*Task goal*.
From the line with "Contiene cinco portacosméticos" to the line with "Kırmızı Doğal Yün", output every line below exactly, both ends included. Skip the pictures.

*Records*.

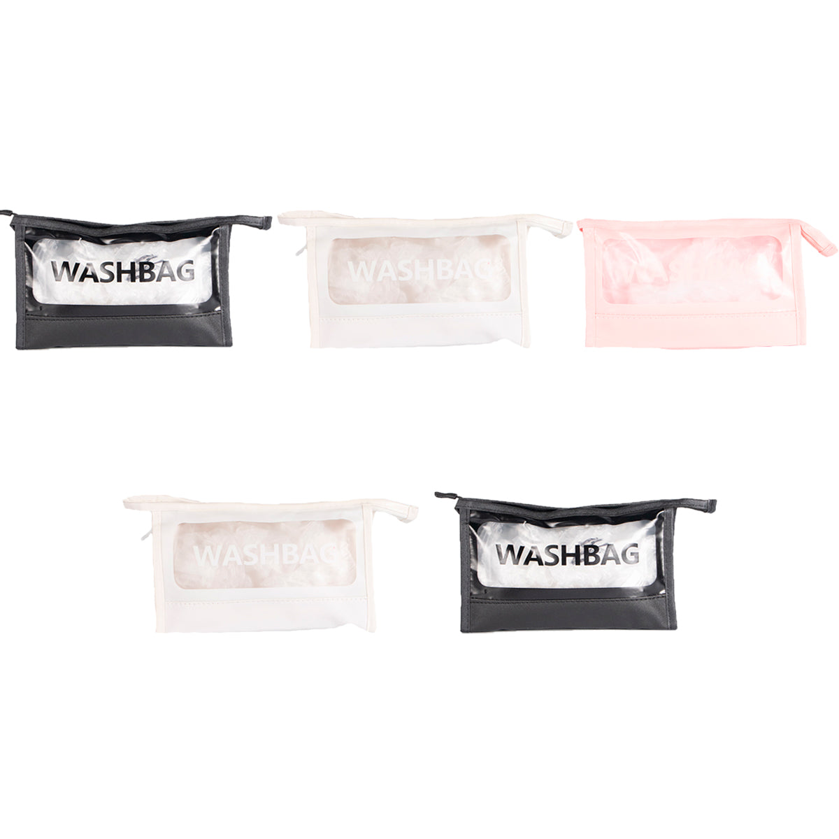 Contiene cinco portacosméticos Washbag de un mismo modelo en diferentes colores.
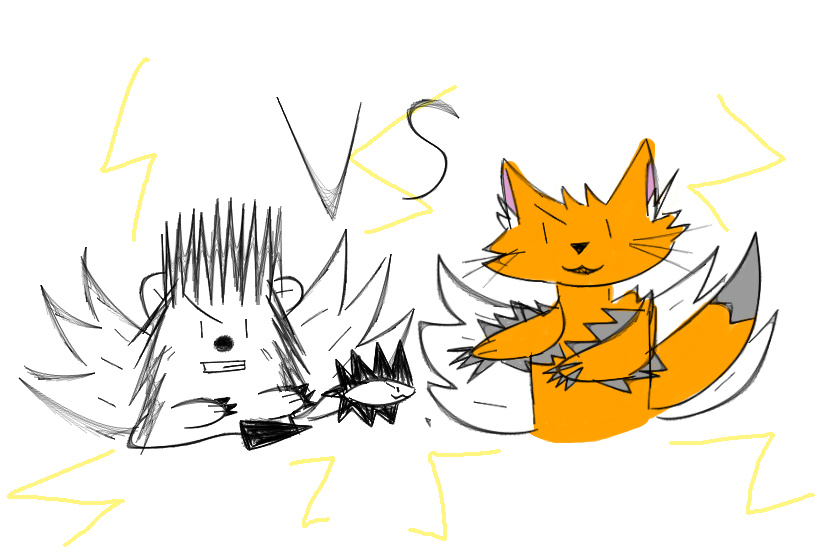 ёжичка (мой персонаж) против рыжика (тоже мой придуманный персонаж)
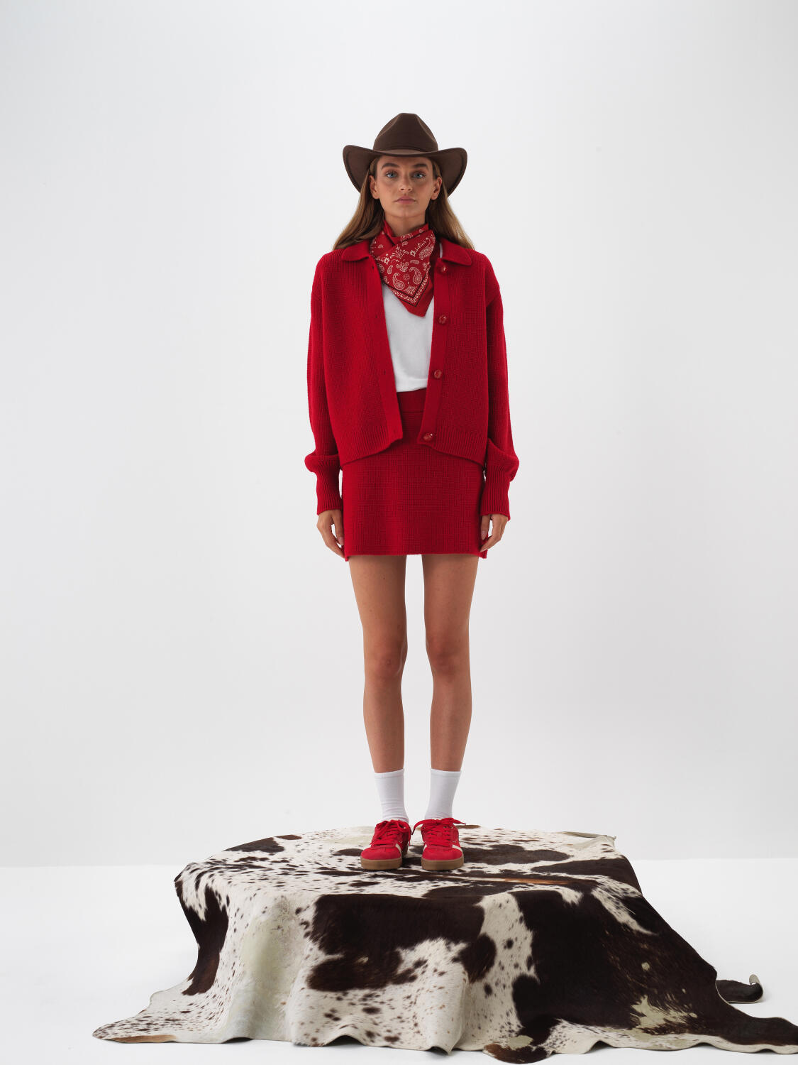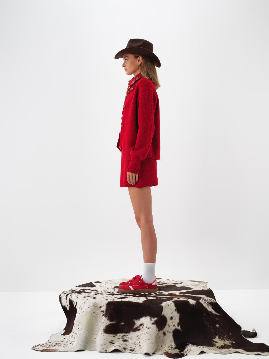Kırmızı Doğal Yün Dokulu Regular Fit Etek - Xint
---
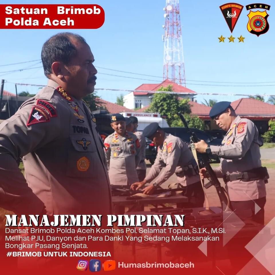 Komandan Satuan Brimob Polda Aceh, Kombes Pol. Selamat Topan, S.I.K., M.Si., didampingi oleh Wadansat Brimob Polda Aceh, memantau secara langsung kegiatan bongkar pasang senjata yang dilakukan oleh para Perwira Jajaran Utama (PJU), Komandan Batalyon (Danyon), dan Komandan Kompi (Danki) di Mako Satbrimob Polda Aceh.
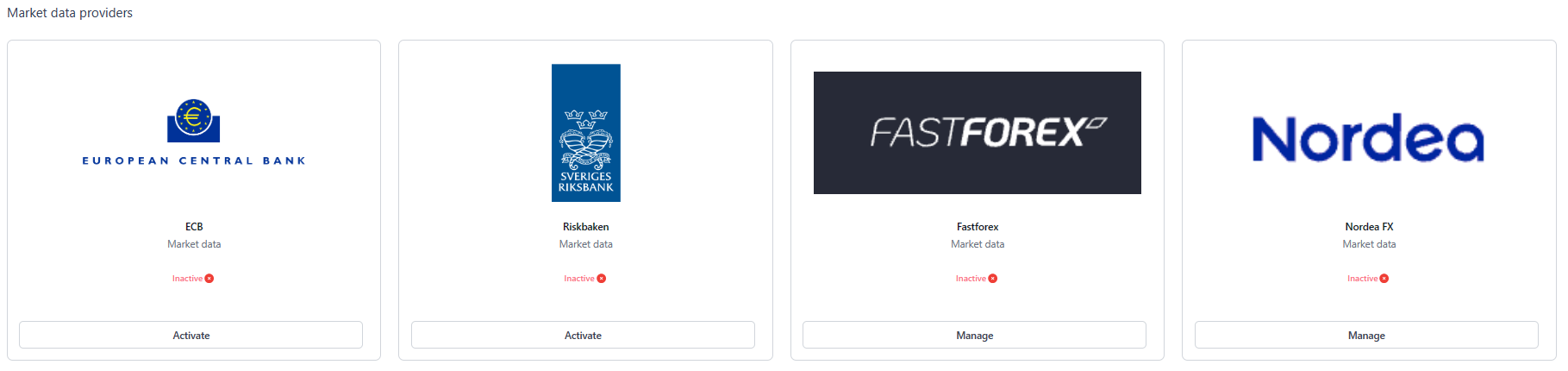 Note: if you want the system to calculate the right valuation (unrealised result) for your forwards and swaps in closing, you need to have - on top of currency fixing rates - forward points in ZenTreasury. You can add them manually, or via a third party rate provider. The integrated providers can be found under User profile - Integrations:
==
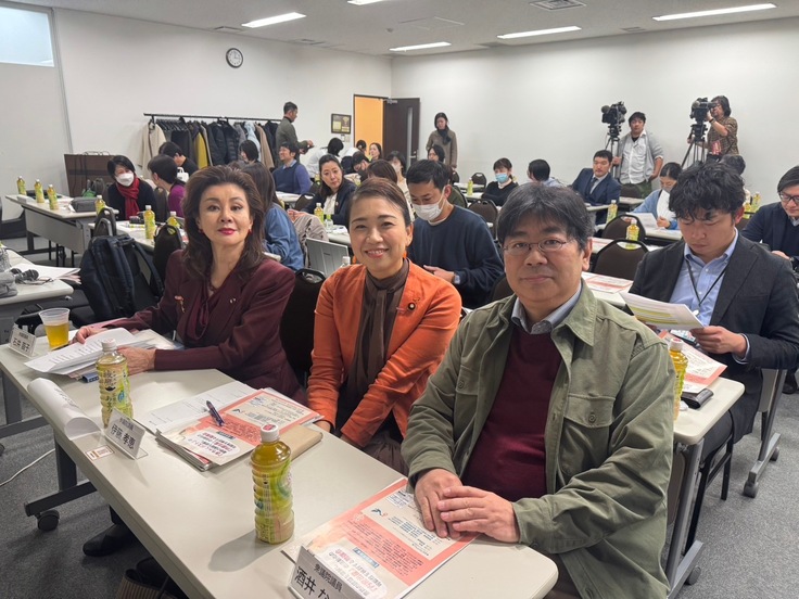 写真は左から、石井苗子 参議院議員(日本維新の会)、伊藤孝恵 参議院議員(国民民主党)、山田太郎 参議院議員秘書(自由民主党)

*Answer*.
 Contiene cinco portacosméticos Washbag de un mismo modelo en diferentes colores.
 ёжичка (мой персонаж) против рыжика (тоже мой придуманный персонаж)
Kırmızı Doğal Yün Dokulu Regular Fit Etek - Xint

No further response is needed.